## What you are asked to do
The entries that follow must be given again exactly, with no pictures kept.

## Extracted information
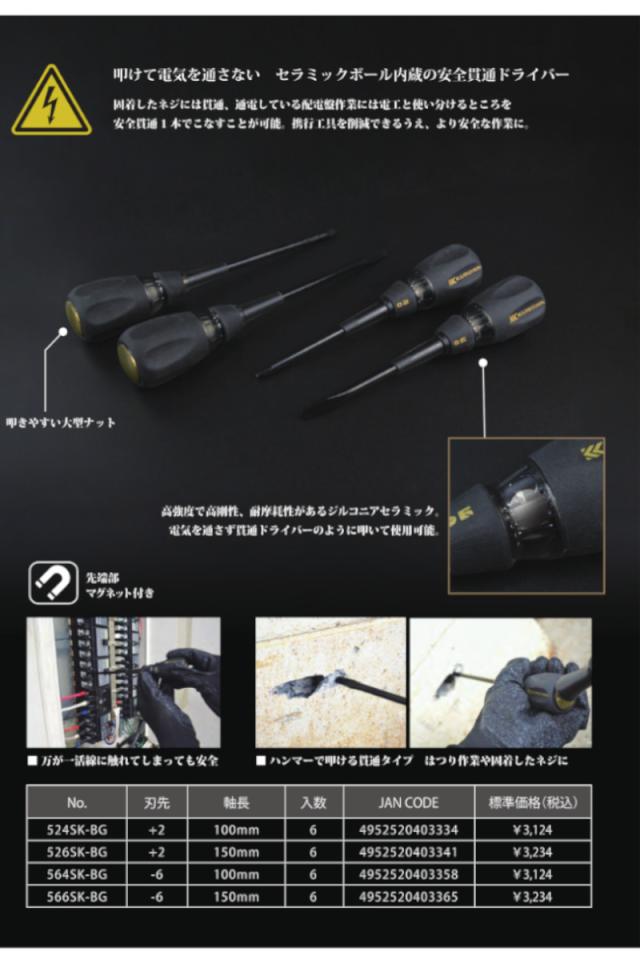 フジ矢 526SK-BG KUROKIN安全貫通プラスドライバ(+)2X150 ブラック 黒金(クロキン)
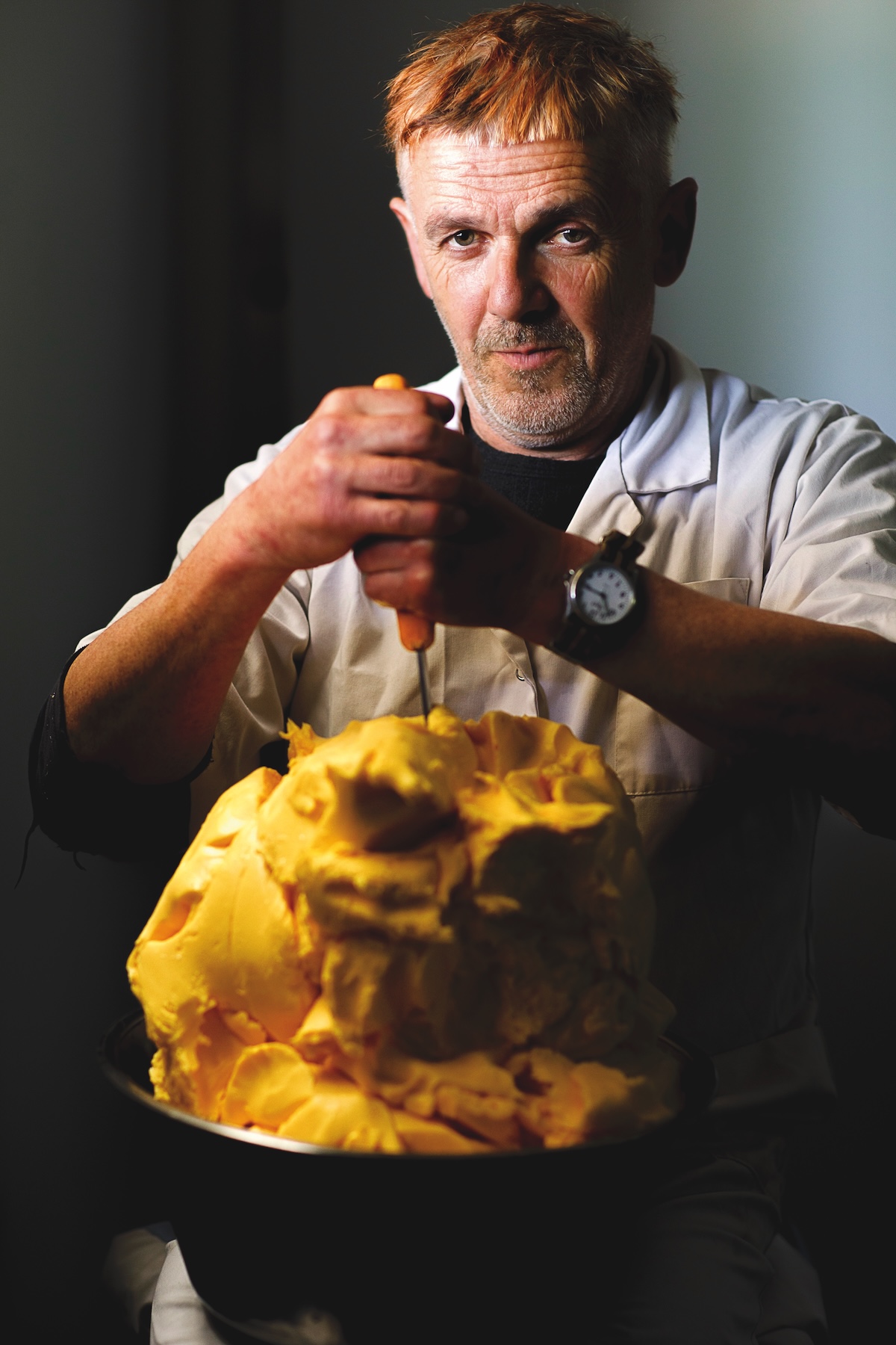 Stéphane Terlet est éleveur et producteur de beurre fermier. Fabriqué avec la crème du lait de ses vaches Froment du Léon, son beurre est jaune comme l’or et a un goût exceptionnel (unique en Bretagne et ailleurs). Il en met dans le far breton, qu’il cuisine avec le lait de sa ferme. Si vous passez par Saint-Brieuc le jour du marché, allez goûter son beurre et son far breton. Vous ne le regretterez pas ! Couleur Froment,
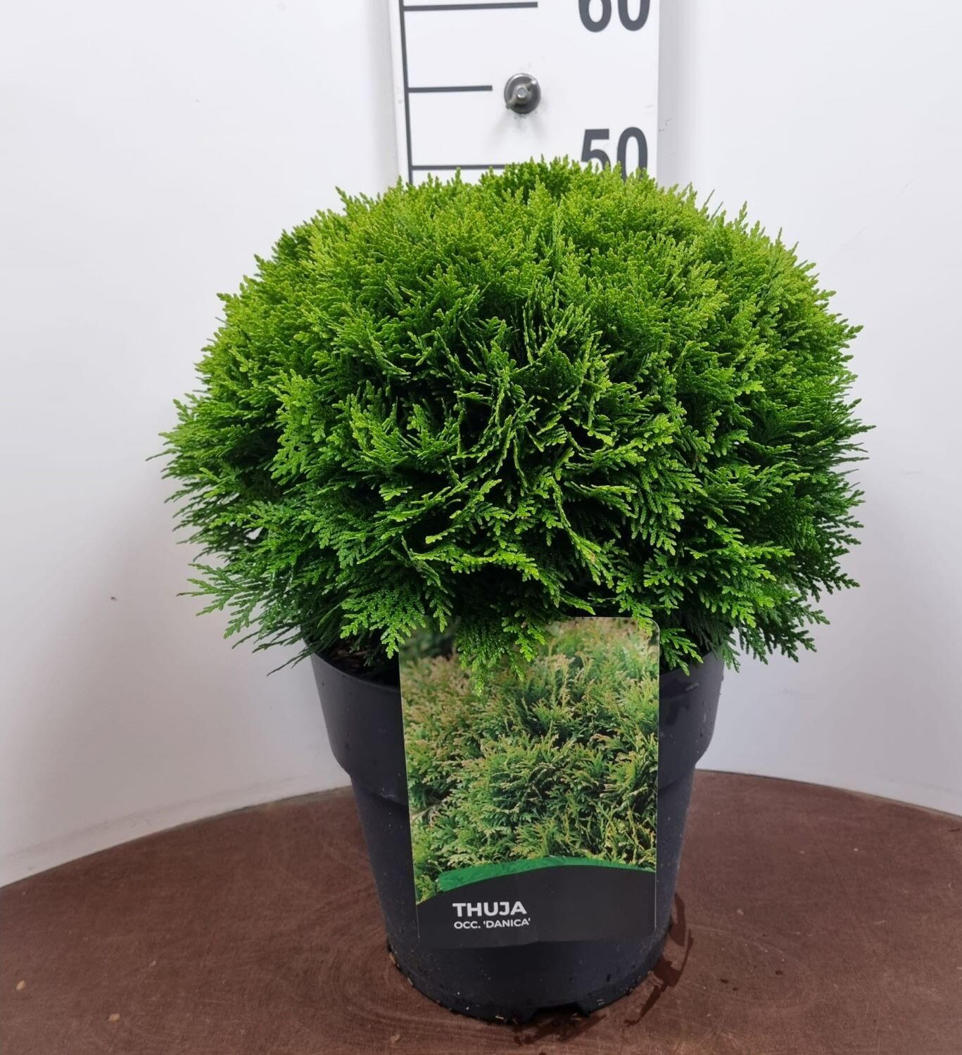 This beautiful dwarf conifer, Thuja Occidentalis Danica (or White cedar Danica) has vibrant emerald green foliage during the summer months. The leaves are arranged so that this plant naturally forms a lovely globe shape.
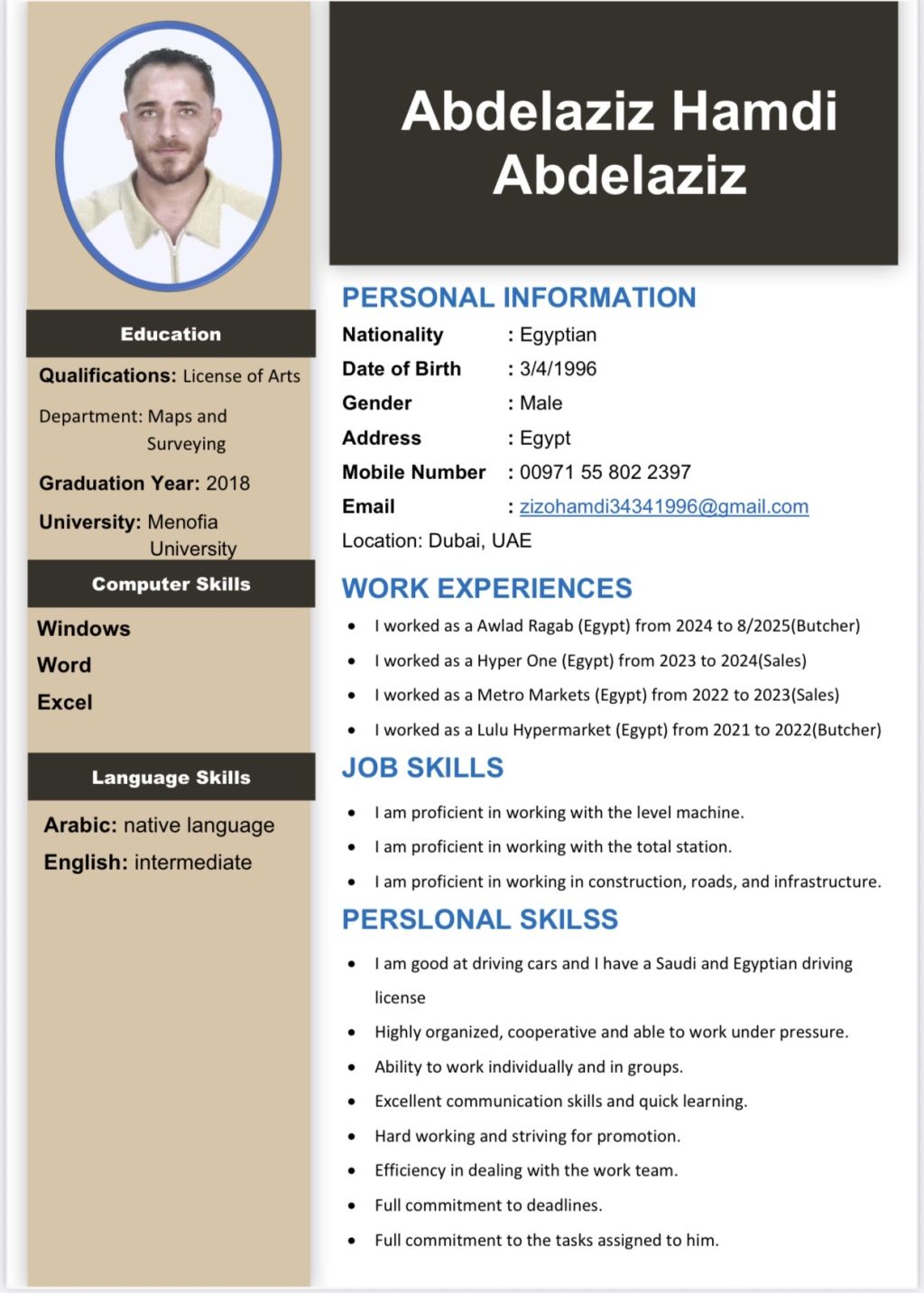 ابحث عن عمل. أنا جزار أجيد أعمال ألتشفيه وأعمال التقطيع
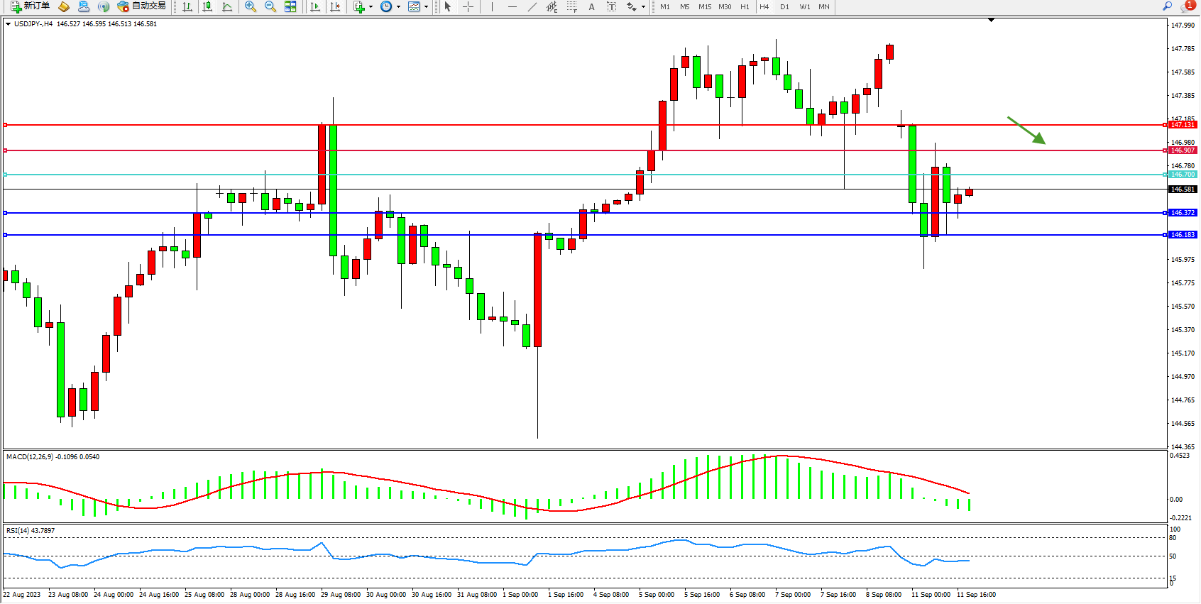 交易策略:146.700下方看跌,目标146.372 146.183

## Solution for this problem
 フジ矢 526SK-BG KUROKIN安全貫通プラスドライバ(+)2X150 ブラック 黒金(クロキン)
 Stéphane Terlet est éleveur et producteur de beurre fermier. Fabriqué avec la crème du lait de ses vaches Froment du Léon, son beurre est jaune comme l’or et a un goût exceptionnel (unique en Bretagne et ailleurs). Il en met dans le far breton, qu’il cuisine avec le lait de sa ferme. Si vous passez par Saint-Brieuc le jour du marché, allez goûter son beurre et son far breton. Vous ne le regretterez pas ! Couleur Froment,
 This beautiful dwarf conifer, Thuja Occidentalis Danica (or White cedar Danica) has vibrant emerald green foliage during the summer months. The leaves are arranged so that this plant naturally forms a lovely globe shape.
 ابحث عن عمل. أنا جزار أجيد أعمال ألتشفيه وأعمال التقطيع
 交易策略:146.700下方看跌,目标146.372 146.183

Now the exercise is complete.